La posición del articulista se halla justamente en los antípodas, en particular en punto a su próxima resurrección. A casi un siglo de distancia de su corta trayectoria, la del catolicismo español de la hora presente convierte a aquella en mera amenaza fantasmal, esgrimida por espíritus alhacarientos prestos a enturbiar la convivencia de sus coetáneos con escritos y leyendas deturpadores de su inmediato ayer. Pues, en efecto, las estructuras y coordenadas del catolicismo hispano son hodiernamente casi por entero diferentes a las de la España de los años 30 de la centuria anterior. El «invierno» imperante hoy en su demografía, testimonio público de su credo, su presencia en los principales medios de comunicación y su vigencia en las más importantes proyecciones culturales descartan por completo cualquier intento de hegemonía social o recobro de una roborante salud, indispensables para la plasmación de un clima que hiciese de humus de un movimiento confesional comparable con el que encarnaran hace 80 años las aspiraciones políticas de la gran masa del catolicismo español.

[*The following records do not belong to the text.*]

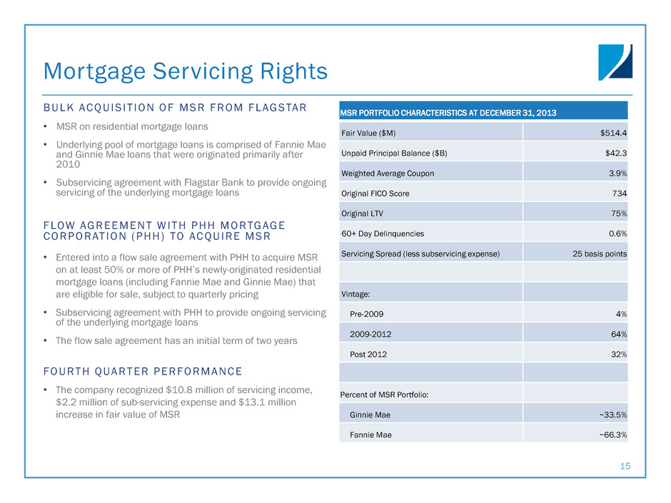 BV E X P O S U R E TO + 100BP S C H A N G E I N R AT E S (2 ) H E D G I N G ST R AT E GY P O RT FO L I O M E T R I C S Key Portfolio Metrics 14 • Low implied debt-to-equity(1) ratio of 3.1x at December 31 vs. 3.2x at September 30 • Long-term target debt-to-equity ratios ― Agency: 6.0-7.0x ― Non-Agency: 1.0-1.5x • Non-Agency speeds favorable as fundamentals have improved Portfolio Metrics Q3-2013 Q4-2013 Agency Weighted average 3-month CPR(3) 8.7% 7.9% Weighted average cost basis(4) $108.1 $108.2 Non-Agency Weighted average 3-month CPR 4.8% 3.8% Weighted average cost basis(4) $52.6 $53.7 Change in equity value for +100bps change in interest rates(2) (1.2%) (1.8%) Implied Debt-to-equity(1) 3.2x 3.1x • Marginally short position with respect to interest rate risk • Exposure includes duration measures for our MSR, non- Agency, and loan positions, as well as all associated rate hedges • Low leverage and Agency RMBS positioning drives low basis risk exposure (1) Implied debt-to-equity is calculated after including net long or short TBA position. As of December 31, 2013 and September 30, 2013, the net TBA position was long $603 million and long $857 million notional, respectively. (2) Represents estimated percentage change in equity value for theoretical +100 bps parallel shift in interest rates. Change in equity value is total net asset change. (3) Agency weighted average 3-month Constant Prepayment Rate (CPR) includes derivatives. (4) Weighted average cost basis includes RMBS principal and interest securities only. Average purchase price utilized carrying value for weighting purposes. If current face were utilized for weighting purposes, total non-Agency RMBS excluding the company’s non-Agency IO portfolio would have been $49.28 at December 31, 2013. (1.8%) 0.1% 9.9% (1.2%) (1.8%) (10%) (6%) (2%) 2% 6% 10% Q4-2012 Q1-2013 Q2-2013 Q3-2013 Q4-2013
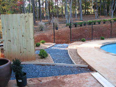 Of course there is still SOME manual labor to do, but it is MUCH easier when the heavy machinery does the hard part for you! :)I was going to finish that fence today, but turns out I'm short 3 swivel hangers, which I ordered today, but won't get until next week! Plus, it rained off and on today until now. That fence section though that I have in those tubes is not all that steady, so I need to shore it up by doing the retaining wall and filling it in with dirt, so figured I might as well tackle that while I wait on the fence parts. That opening you see is where the gate goes (obviously!). I'm going to put curved steps there that go from the pool deck down to the driveway so I can keep the pool deck clean! I have to pour some concrete though for the steps, so figured I'd tackle both chores at once, the steps and the retaining wall! We'll see how that works out!! :)
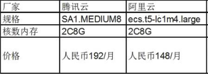 在价格方面,由于厂商都有不同的层次的产品,我们就拿阿里云腾讯云各自的入门产品t5、SA1做对比:

Como se recordará, la CEDA ha tenido dos historiadores de solvencia. Uno, el llorado Javier Tusell y otro, el sobresaliente estasiólogo Montero Gibert; el primero inclinado al elogio mesurado, y el segundo más alabeado a la crítica. Dada a la imprenta la mayor parte del corpus bibliográfico acerca de la CEDA en lo más alto de la ola progresista-marxista que dominara nuestra historiografía contemporánea en los comedios y postrimerías del novecientos, no resulta sorprendente la visión aceradamente negativa de la versión original y acaso más genuina de la democracia-cristiana española, representada por la formación que acaudillase un líder en verdad excepcional: José María Gil Robles. Pura reacción, encubierto bonapartismo, totalitarismo light, dictadura demagógica, caudillismo populista…, de todas estas y otras muchas maneras de idéntico tenor se ha definido un partido moderno, al que sus dirigentes más descollantes pretendieron convertir en movimiento reformador de la arcaica vida española, sin más logro que poner al descubierto la contradicciones de su militancia y la ancha separación entre el aparato y la masa de maniobra.

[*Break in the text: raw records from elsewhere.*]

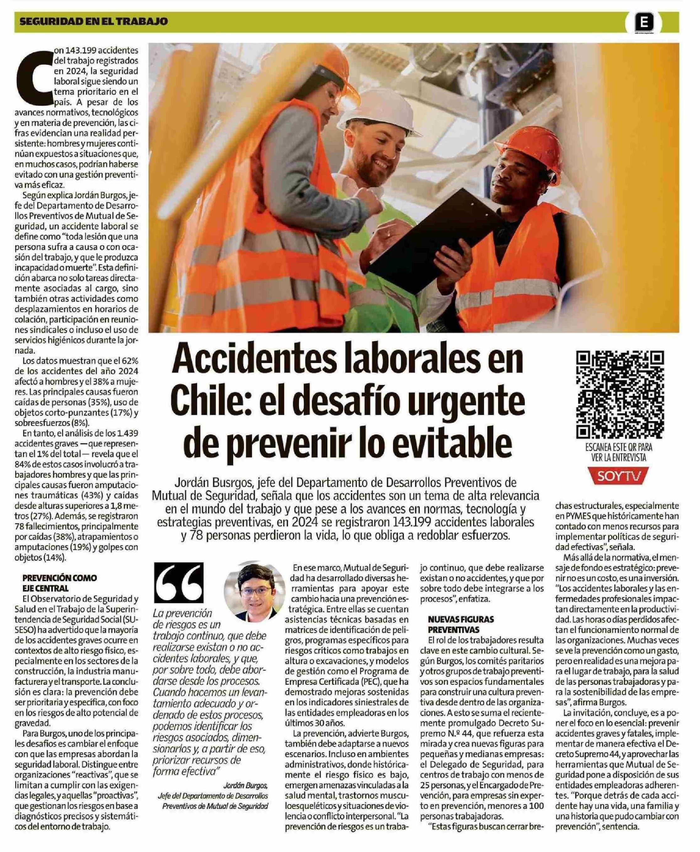 Accidentes laborales en Chile: el desafío urgente de prevenir lo evitable 27-06-2025 El Mercurio de Valparaíso |
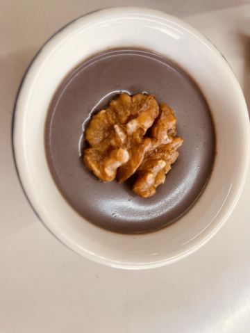 蔡嘉甜品太阳宫店~叫了外送~ 奶冻巧克力,外层巧克力味还挺浓郁的,里面奶冻吃起来一般,有橙丝,但是有点违和。 芝麻核桃布丁,核桃是不脆的,是受潮的,芝麻布丁也一般般~
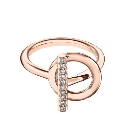 HERMES/爱马仕 经典Echappée Hermès系列 小号18K金玫瑰金镶钻棍状戒指指环H219691B
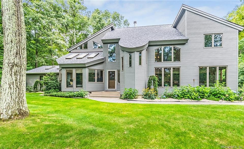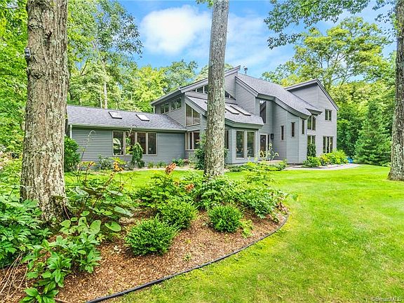 Tucked away in South Glastonbury you will find a private driveway lined with mature plants leading to an updated home set on a serene piece of land with lush professional landscaping and gardens surrounded by a majestic natural rock wall. This contemporary home has been scrapped of all popcorn and modernized throughout. Gourmet kitchen features custom crafted cabinetry, imported Brazilian granite counters and state of the art Thermador appliances including double ovens, five burner gas stove, oversized refrigerator, extra-large stainless steel farmers sink and custom designed wet bar with built in wine cooler. Large island with seating for six and additional prep sink center the room. Kitchen flows effortlessly into large dining area great for gatherings. Newly installed Tobacco Road Acasia hardwood floors are simply gorgeous. Living room off kitchen features large windows, soaring ceilings and resurfaced fireplace with high efficiency wood burning insert. Luxurious lighting fixtures throughout the interior and exterior of the home. Master bedroom suite with full bath, copious closet space and additional dressing room/nursery. New high efficiency on demand Navien heating and cooling system with smart WiFi thermostats. New roof installed with impermeable weather guard. Backyard is perfect for an intimate gathering, relaxing by the firepit or gazebo or entertaining a large group. So much more to list, this is a must see home!

Empero sin engolfarse en controversias propias de especialistas, cabe, en esta hora difícil de nuestra nación, recordar y enaltecer la actividad y militancia en la CEDA de las esferas populares y de las clases medias de mayor adhesión a su credo religioso tradicional, que acudieron a la llamada hecha por Ángel Herrera y los cuadros por él adiestrados, para crear un partido de identidad demócrata-cristiana y vocación centrista. Cuando en la decisiva tesitura en la que el resto de las grandes fuerzas del régimen ofrecieran un desolador déficit en la voluntad de concordia y confianza en las virtualidades del Sistema, la fe democrática de sus hombres y mujeres -numerosas y admirables…- se mantuvo intacta. Que una y otra se volatizaran en el trágico julio de 1936, no puede desmentir la autenticidad de la inserción y el compromiso de la CEDA con el rumbo de una República en cuyo desastrado final no le cupo -con empleo del rasero más exigente- mayor responsabilidad que la de los sectores que se arrogaron la custodia de sus esencias.

Tal es el balance histórico del movimiento o partido cuyo actualizado legado inquieta las noches de no pocos observadores y comentaristas de la vida pública española. Si así, desgraciadamente, fuese, no han de angustiarse en exceso. La adusta e insobornable Clío les disipará todas las pesadillas de ese género. Bastará que, morosamente, lean sin prisas ni anteojeras la publicística más acribiosa sobre la grave e importante cuestión. Sin excusa ni delación alguna, las páginas a ella dedicadas por J. Pabón en su inmarcesible y eterno Cambó.

José Manuel Cuenca Toribio es miembro de la Real Academia de Doctores de España.